Title: Compatibility, Predictions and Optimization in Large-scale Online Decision Making
Date: January 9th, 2024
Time: 3pm - 5pm ET
Location: Groseclose 403 or https://gatech.zoom.us/j/5237023057?pwd=dFpET0IzcEFURmdlUjZFNzErUTJ4QT09
Daan Rutten
Operations Research Ph.D. Student
H. Milton Stewart School of Industrial and Systems Engineering
Georgia Institute of Technology
Committee
Dr. Debankur Mukherjee, Industrial and Systems Engineering, Georgia Institute of Technology (advisor)
Dr. Rayadurgam Srikant, Electrical & Computer Engineering, University of Illinois Urbana-Champaign
Dr. Michael Mitzenmacher, Engineering and Applied Sciences, Harvard University
Dr. Hayriye Ayhan, Industrial and Systems Engineering, Georgia Institute of Technology
Dr.
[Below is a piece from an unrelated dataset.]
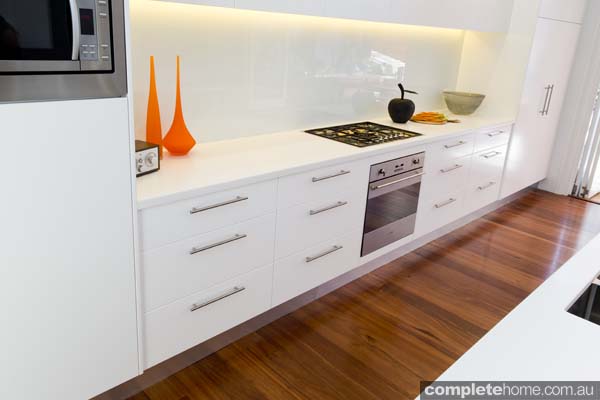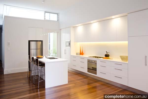 A white palette was chosen for all cabinet and benchtop surfaces to enhance the flood of natural light and to contrast with and complement the richness of polished recycled floorboards used throughout the house. A galley-style kitchen design harks back to the Victorian heritage of the building but a central island bench gives a modern twist, allowing easy access to appliances and more food preparation and entertainment space. To fulfil the client’s brief for more storage areas, large soft-close drawers were included below the benchtop, handleless wall cabinets above and tall cabinets at either end. The result is a streamlined, clutter-free design which is perfect for dining and entertaining whether indoors or out.”

Sigrun Andradottir, Industrial and Systems Engineering, Georgia Institute of Technology
Abstract
The last few years have seen a shift in server architecture towards large-scale, dedicated data centers. The massive scale of these datacenters has highlighted important, unsolved problems in the optimization of such large-scale service systems. Many of the mathematical problems abstracted from these challenges form fundamental problems in the field of online decision making and require a combination of tools from probability, stochastic processes and online algorithms together with new insights to be solvable. This thesis broadly addresses three of these problems, as detailed below.
In Chapter 2, we consider a large-scale, parallel-server system, where tasks of a particular type can only be routed to a small subset of servers. The task-server constraints are represented by a bipartite graph where vertices represent task types and servers, respectively. The analysis of these systems has historically relied heavily on mean-field analysis. However, due to the lack of exchangeability in the constrained system, mean-field techniques fundamentally break down. In this chapter, we develop a novel coupling-based approach to establish the mean-field approximation for a large class of sparse graphs, including spatial graphs. The method extends the scope of mean-field analysis far beyond the classical full-flexibility setup.
In Chapter 3, we consider a large-scale, parallel-server system with an unknown arrival rate, where each server is able to adjust its processing speed. The objective is to minimize the system cost, which consists of a power cost to maintain the servers' processing speed and a quality of service cost depending on the tasks' sojourn times. We draw on ideas from stochastic approximation to design a novel speed scaling algorithm and prove that the server's processing speeds converge to the globally asymptotically optimum value. Curiously, the algorithm is fully distributed and does not require any communication between servers. A key contribution of our approach lies in demonstrating how concepts from the stochastic approximation literature can be leveraged to effectively tackle learning problems in large-scale, distributed systems.
In Chapter 4, we consider learning-augmented algorithms, where the decision maker has access to a machine learning model which provides untrusted and potentially inaccurate predictions of future inputs. The goal of the decision maker is to exploit the predictions if they are accurate, while guaranteeing performance that is not much worse than the hindsight optimal sequence of decisions, even when predictions are inaccurate. We consider two applications: capacity scaling and smoothed online optimization. For both applications, we design a novel algorithm and prove a competitive ratio guarantee as a function of the predictions' accuracy. Interestingly, we identify a fundamental trade-off between the competitive ratio in the worst- and best-case, which we prove is necessary for any algorithm.